Further support came courtesy of a July 16 report by the Switzerland-based Financial Stability Board (FSB), which concluded that, “like crypto-assets in general, crypto-asset platforms do not pose global financial stability risks.” Trading platforms include Coinbase – the most popular by far – Bitfinex, Kraken, and many others.
From its low of $5,850 in late May, bitcoin was up nearly 44 percent on June 24 before pulling back on the Securities and Exchange Commission’s (SEC) decision not to approve a bitcoin ETF filed by Cameron and Tyler Winklevoss. (It was back above $8,000 on Friday.) I believe bitcoin’s fundamentals are lining up for a significant move higher, its price having already broken sharply above the 50-day moving average.
Keep in mind, though, that we’re still very early in crypto investing. It was only 10 years ago that the mysterious Satoshi Nakamoto wrote the now-famous whitepaper that led to the creation of bitcoin. Volatility is still roughly six times as high as large-cap stocks and gold in a single trading session and 11 times as high in the 10-day period. As I told Market One Media recently, the space remains speculative, but there are opportunities for tremendous upside.
Bitcoin’s Hash Rate Is Telling a Bullish Story
Among the most bullish signs is bitcoin’s rapidly surging hash rate. In simple terms, a “hash” is a calculation made by a bitcoin miner in an attempt to secure a block reward, which currently sits at 12.5 bitcoin per block. (The reward automatically halves every 210,000 blocks.
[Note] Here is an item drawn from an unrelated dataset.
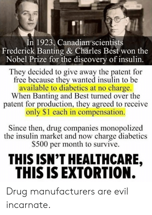 Mars2018 писал(а): Слушаю сейчас NPR news, говорят о ценах на инсулин в США. Это пипец какой то. Копеечное лекарство стоит где-то 1300 долларов в месяц, и каждый год он растёт в цене на 15% два раза в год. Многие не могут себе позволить это лекарство, есть случаи смерти из за того что растягивали дозу инсулина, кололи меньше чем нужно. Фарма контролирует цены на лекарства, даже на такие которые помогают диабетикам не умереть. Хуже всего тем, у кого врожденный тип 1 диабета, со 2ым хоть можно reverse если поработать над здоровьем и life style. У кого нет диабета, следите за здоровьем, иначе вот такие цены вас ждут. Даже в странах 3его мира инсулин доступен, и в некоторых его дают бесплатно. Вообще, интересно как создание и опыты некоторых лекарств были спонсированы налогами населения, а потом эти компании приватизировали это лекарство себе и возвышали цены в несколько тысяч процентов. Как с лекарством для больных с ВИЧ. С такой Фармой и медициной и войн никаких не нужно, жадностью истребляют население. И ничего не изменится, что бы политики не обещали, они там все про лоббированы фармой и врачами. Все политики в том же котле с деньгами.

At the present mining rate, the next halving is estimated to occur in May 2020, after which the reward will drop to 6.25 coins.) The “hash rate,” then, is how many calculations are made per second across the globe. It generally reflects the pace at which new miners are joining the network.
Every 10 minutes on average, a new block is mined, meaning 1,800 bitcoin – or $14.8 million at today’s prices – are created every day of the week. Blockchain technology, remember, guarantees the validity of these new virgin coins. Imagine if stock trading were as quick, efficient, and worry-free as crypto-mining. You can see now why JPMorgan (NYSE:JPM), Citigroup (NYSE:C), Bank of America (NYSE:BAC), and other big banks are rushing to patent blockchain processing systems of their own.
Look at the chart below. The bitcoin hash rate has continued to grow at an astonishing pace despite the selloff, suggesting miners are still very bullish on future prices.
In July, the number of operations passed above 45 trillion per second for the first time ever. That’s a more than sixfold increase in power from only a year ago. It also signifies a huge recovery after extensive flooding in Sichuan, China knocked out significant amounts of hashing power earlier in the month.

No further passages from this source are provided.